On Tuesday February 10, 2015 Kansas State Governor Sam Brownback issued an executive order that removes discrimination protection for gay, lesbian, and transgender state employees. Employees that work for the Kansas state government can now be legally fired, harassed, or denied a job for being gay or transgender. an Executive order by Gov. Kathleen Sebelius which was issued on 2007 gave gay, lesbian, and transgender people anti-discrimination policies which were carried out.
Discrimination for state jobs in Kansas is forbidden for race, color, gender, religion, national origin, ancestry or age. Brownback said that any expansion of such laws for LGBT employees should be done by the Legislature “and not through unilateral action.”

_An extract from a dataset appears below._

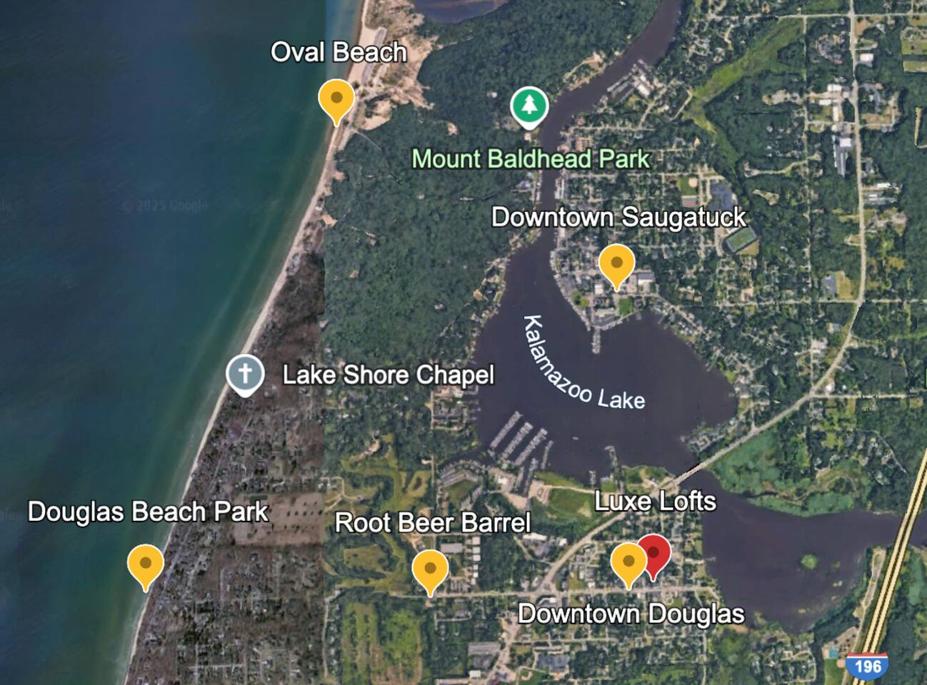Enjoy exclusive access to two private, designer lofts—each with its own entrance and separated only by a private exterior breezeway. The Luxe Loft Collection encompasses both units on the entire upper two floors of the 3-story building right in the middle of the action in Downtown Douglas. This setup is ideal for groups who want to stay close while still enjoying space to spread out and unwind in total comfort. Together, the property comfortably accommodates up to 16 guests with 7 total bedrooms, including 6 king beds and 2 queen daybeds. Each unit features a thoughtful layout with: ✔️ A main-floor primary bedroom with en-suite bathroom ✔️ A second main-floor bedroom with a Jack-and-Jill bathroom also accessible from the open kitchen/living area ✔️ Additional sleeping spaces upstairs, located in spacious, semi-private lofts with comfortable lounge and sleep areas See each unit individually here: https://airbnb.com/h/downtown-loft-deux https://airbnb.com/h/downtown-loft-douglas What You’ll Love: ✔️ Expansive, open-concept layouts with soaring ceilings, oversized windows, and abundant natural light ✔️ Two fully stocked kitchens—perfect for preparing group meals or easy snacking ✔️ Ultra-comfy beds, premium linens, and stylish, curated interiors designed for rest and relaxation ✔️ Incredible location—in the heart of Douglas and walkable to the best dining, coffee, boutiques, galleries, and waterfront ✔️ Pet-friendly accommodations—bring your pup along for the adventure! ✔️ Smart TVs, fast Wi-Fi, and plenty of space for work, play, or downtime Location Highlights: 📍 In downtown Douglas 📍 Just 1 mile from Saugatuck 📍 15 minutes to Holland 📍 Beaches, wineries, hiking trails, and more just a short drive away This is a rare opportunity to enjoy two beautifully designed lofts, side by side, for your next gathering. Whether you’re planning a multi-family vacation, a group retreat, or a weekend celebration, you’ll find the perfect blend of space, style, comfort, and convenience right here in the heart of West Michigan. Book your stay today—this setup is one-of-a-kind!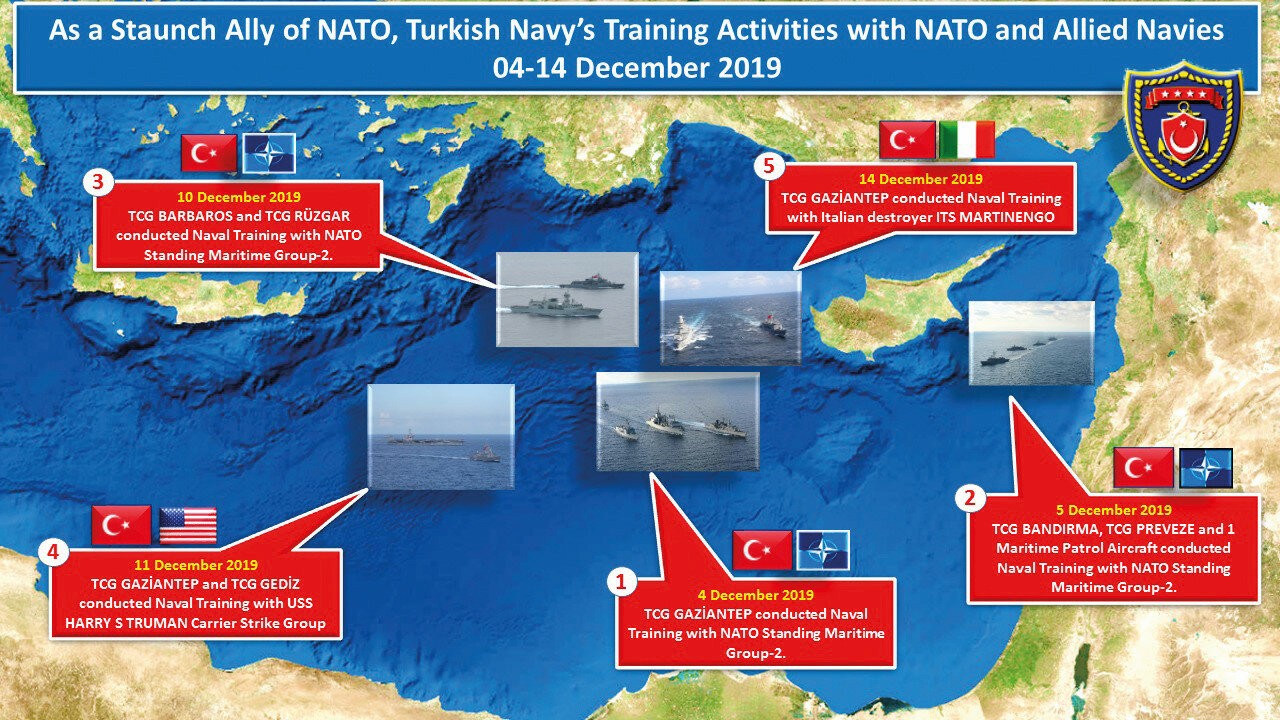 Yunanistan ve Kıbrıs Rum Yönetimi, NATO ve AB üyesi ülkeleri Doğu Akdeniz geriliminde Türkiye'ye karşı kışkırtırken, Akdeniz Kalkanı Harekâtı ile bölgenin en etkin donanması olan Türk Deniz Kuvvetleri'nin son 10 günde NATO müttefikleriyle yaptığı tatbikatlar, Rumlara önemli bir yanıt oldu. Türk Deniz Kuvvetlerinin son 10 gün 3'ü NATO Daimi Deniz Görev Grubu, 1'i ABD Uçak Gemisi Görev Grubu ve 1'i İtalyan Deniz Kuvvetleri ile olmak üzere NATO ve müttefik deniz kuvvetleri ile birlikte bölgede 5 ikili eğitim faaliyeti icra etti. İkili eğitim faaliyetleri Akdeniz haritasına tablodaki gibi yansıdı.

The legal director of the American Civil Liberties Union of Kansas called Brownback’s move “a sad day for Kansas” and said it was unusual to see a state take away legal protections from gay and lesbian residents rather than add them.
The executive order from Kathleen Sebelius was the only thing in Kansas that gave LBGT people protection, however the new order only removes protection from state agencies, private businesses have their own policies.
I agree with Browback that such laws have to be approved trough Legislation, but instead of issuing an executive order to remove protection, I would have proposed a bill to congress and wait to see if removing a previous order without a new guarantee of protection for LGBT people. I understand that they need protection but by giving them major benefits on present days might be a backlash on future days, which would create inequality in the labor field, I wouldn’t hire people neither for race, color , gender, religion, national origin, ancestry, age, or LGBT. I would hire the person who can do the job in a fast, and efficient manner.
http://www.latimes.com/nation/la-na-kansas-governor-gay-protection-20150210-story.html
Regan • Feb 12, 2015 at 1:44 pm
In my opinion any kind of laws associated with sexual orientation shouldn’t even exist. The government should be putting their time into something more important/reasonable than discriminating against people for an aspect of their life that is supposed to be private. I agree with your closing statements, and that sexual orientation doesn’t decide how well someone can do the job.